JAPAN | Japan drops promotion of nuclear power from 5-year science plan

Posted on July 29, 2011


JAPAN | MAINICHI | 29 July 2011

Prime Minister Naoto Kan, far left, delivers a speech in a meeting of the Council for Science and Technology Policy at his office on July 29. (Mainichi)

Prime Minister Naoto Kan, far left, delivers a speech in a meeting of the Council for Science and Technology Policy at his office on July 29. (Mainichi)

The governmental Council for Science and Technology Policy (CSTP) on July 29 dropped plans to expand nuclear power generation from its newest five-year science program.

The program for fiscal 2011-2015, the fourth in a series, calls for new research and development as Japan plots its future energy and nuclear power policies.

The Cabinet was originally scheduled to approve the program in March but was forced to review it due to the March 11 Great East Japan Earthquake and tsunami, as well as the ongoing Fukushima nuclear crisis. The revised program is expected to be adopted by the Cabinet in late August.

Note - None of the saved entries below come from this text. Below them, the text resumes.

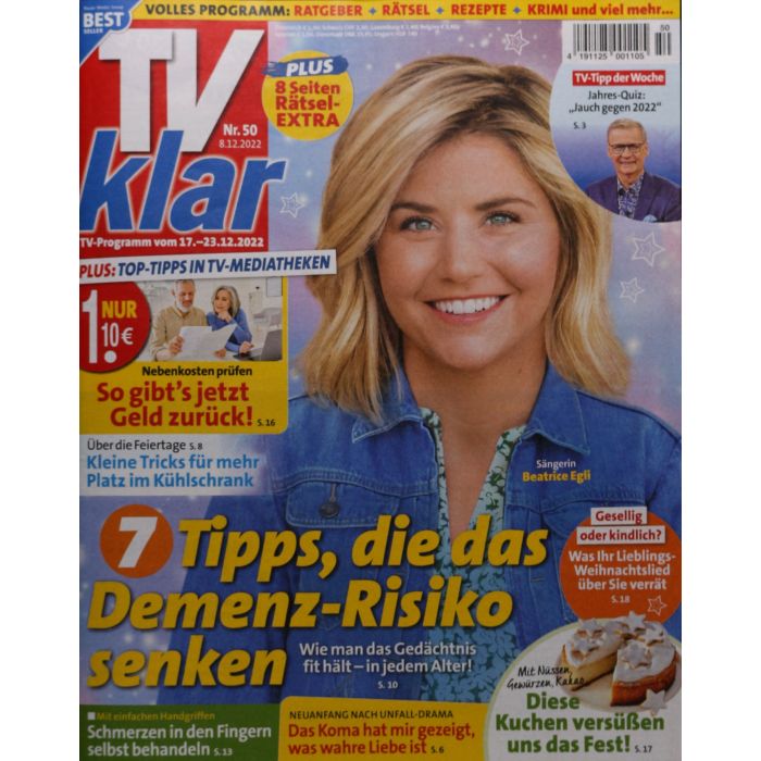 TV klar bietet seinen Leserinnen und Lesern viele ergänzende Informationen IN zahlreichen Servicerubriken. Ratgeber aus den Bereichen Haushalt, MODE, Familie oder Recht stehen ebenso bereit wie verschiedene Gewinnspiele und Rätsel, die Bargeld, Reisen oder Geräte der Unterhaltungselektronik IN Aussicht stellen.
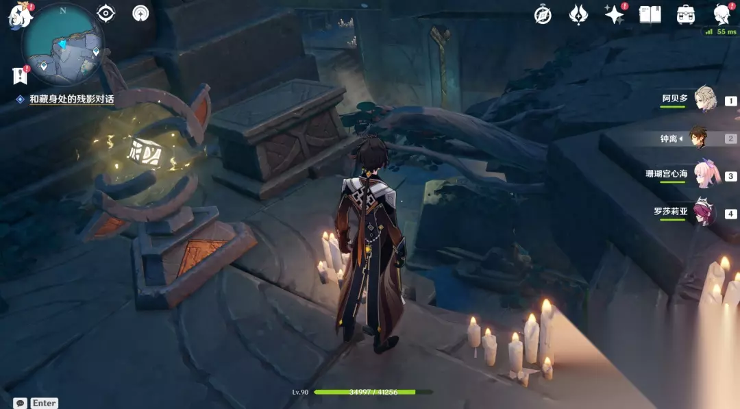 前置要求:冒险阅历达到30级,并完成「白夜国晨昏记,常世入口」, 任务获得:冒险阅历*200,原石*30,大英雄的经验*3,一个珍贵宝箱和一个华丽宝箱 任务流程 1.前往任务触发地,在祭坛下面的山洞里,如下图,在瀑布流水口处进去,这是其中一个入口,另一个入口在传送锚点左边山坡上。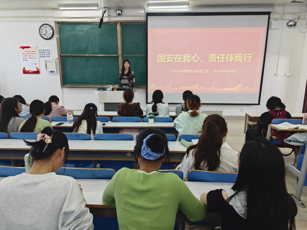 为进一步宣传全民国家安全教育日,普及国家安全教育,4月18日上午,太阳集团tyc59972023级思想政治教育二班在社科楼515教室开展“国安在我心,责任伴我行”主题团课,本次团课由团支书王慜初主持,全体二班同学参加。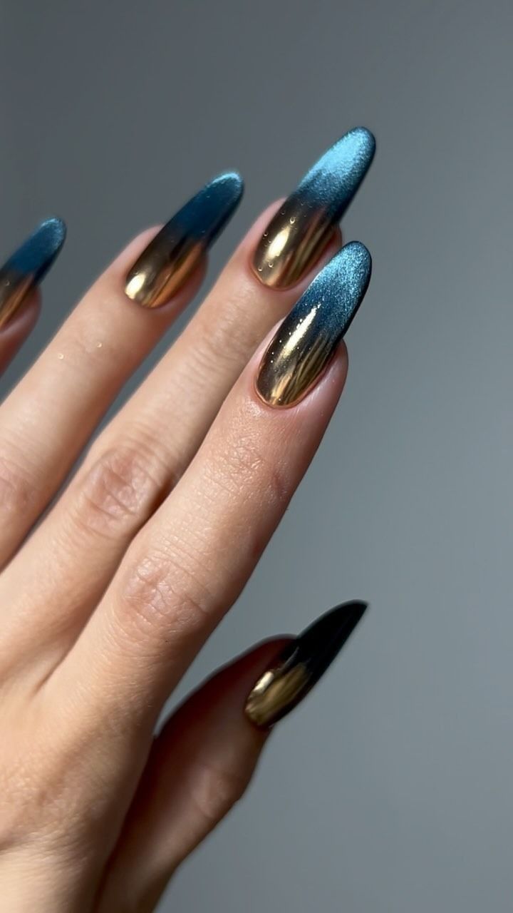 A design that looks like a luxury sports car in nail form — the gradient from oceanic teal to molten gold is pure inspo. This one’s for the risk-takers, the trendsetters, and anyone who sees nails as a canvas for art.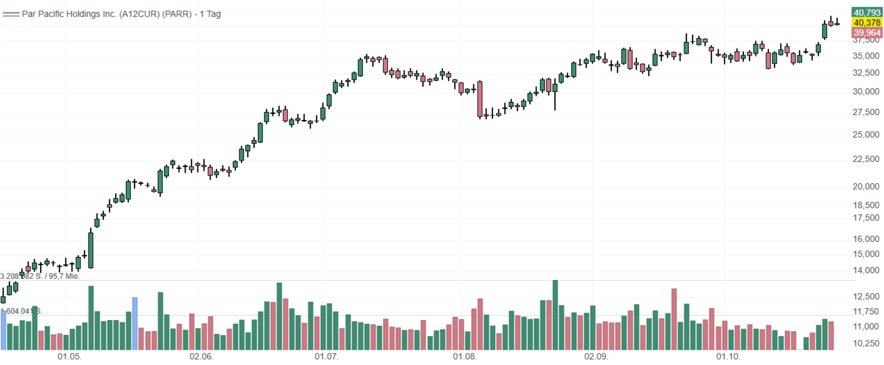 In den letzten 52 Wochen hat die Aktie von Par Pacific Holdings eine Rendite von 140 % erzielt. In den vergangenen vier Wochen lag die Rendite bei 14 %. Die Aktie markierte das 52-Wochenhoch am 24.10.2025 bei 41,64 USD. Das 52-Wochentief markierte die Aktie am 05.03.2025 bei 11,86 USD. Seitdem konnte sich die Aktie kräftig erholen und um 244 % seit Tief zulegen.

The CSTP, chaired by Prime Minister Naoto Kan, has added a section on “the unprecedented crisis in Japan” to the original version to call for scientific examination of the twin natural disasters and particularly the nuclear incident, and carefully and honestly release its findings to the world.

The council also vowed to actively promote scientific and technological innovation for restoration and revival as disaster-stricken regions struggle to get themselves back on their feet.

The program also recommends beefing up the safety of ports, railways and other infrastructure and strengthening disaster-prevention mechanism for public facilities.

Citing fatigue due to prolonged stays at evacuation centers and posttraumatic stress disorder caused by experience of the megaquake and tsunami, the program vowed to step up research leading to health surveys and analysis, diagnosis and treatment.

Besides the March 11 disasters and the nuclear crisis, the CSTP says the five-year program addresses the environment and health, and emphasizes promotion of technological development to solve the country’s problems. The council says it will set up a science and technology innovation strategy council to achieve this objective.

The council envisions earmarking more than 4 percent of gross domestic product for public and private sector investment in research and development over the five-year period, with the state allocating 1 percent or about 25 trillion yen.

Although the R&D investment target faced being prioritized below ongoing reconstruction efforts, it was kept in the revised program at the same amount as in the previous five-year program. Approximately 22 trillion yen was spent under the third five-year program.